• **DATA**:
⟨

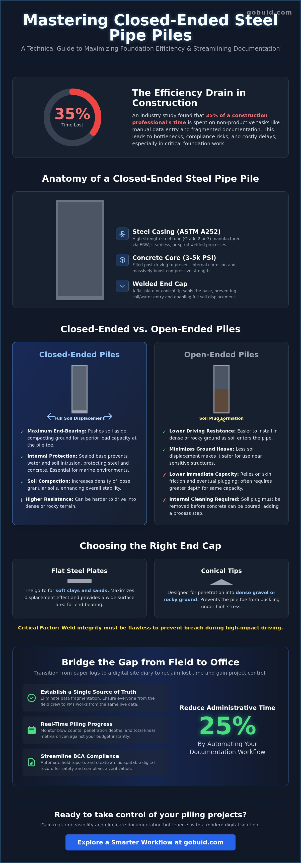 This guide provides the technical expertise you need to master Closed-Ended Steel Pipe Piles while showing you how to streamline your documentation for maximum project efficiency. We'll show you how to gain real-time visibility into your piling progress and reduce administrative time by up to 25%. We will explore the critical specifications of these piles, their specific load-bearing advantages, and the digital workflows that bridge the gap between the rugged job site and your final reports.
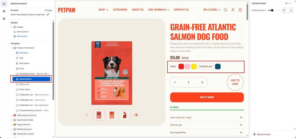 Product page active swatches by Variant picker block
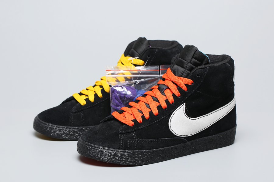 Featuring a black suede upper as the base, sail Swoosh branding surrounds the model, adding stitched “NY” and “LA” suede lettering on both left and right sides, respectively. Utilizing the color palettes from both the New York Knicks and Los Angeles Lakers, the left shoe is equipped orange laces with blue covering the tongue padding, while yellow laces and a purple tongue is applied to the opposite sneaker. Five sets of laces are included, allowing unique customization options.

⟩

• **DIRECTIONS FOR THIS TASK**: Once the pictures are dropped, please print every remaining line of the material verbatim.

• **TASK RESPONSE**:
 This guide provides the technical expertise you need to master Closed-Ended Steel Pipe Piles while showing you how to streamline your documentation for maximum project efficiency. We'll show you how to gain real-time visibility into your piling progress and reduce administrative time by up to 25%. We will explore the critical specifications of these piles, their specific load-bearing advantages, and the digital workflows that bridge the gap between the rugged job site and your final reports.
 Product page active swatches by Variant picker block
 Featuring a black suede upper as the base, sail Swoosh branding surrounds the model, adding stitched “NY” and “LA” suede lettering on both left and right sides, respectively. Utilizing the color palettes from both the New York Knicks and Los Angeles Lakers, the left shoe is equipped orange laces with blue covering the tongue padding, while yellow laces and a purple tongue is applied to the opposite sneaker. Five sets of laces are included, allowing unique customization options.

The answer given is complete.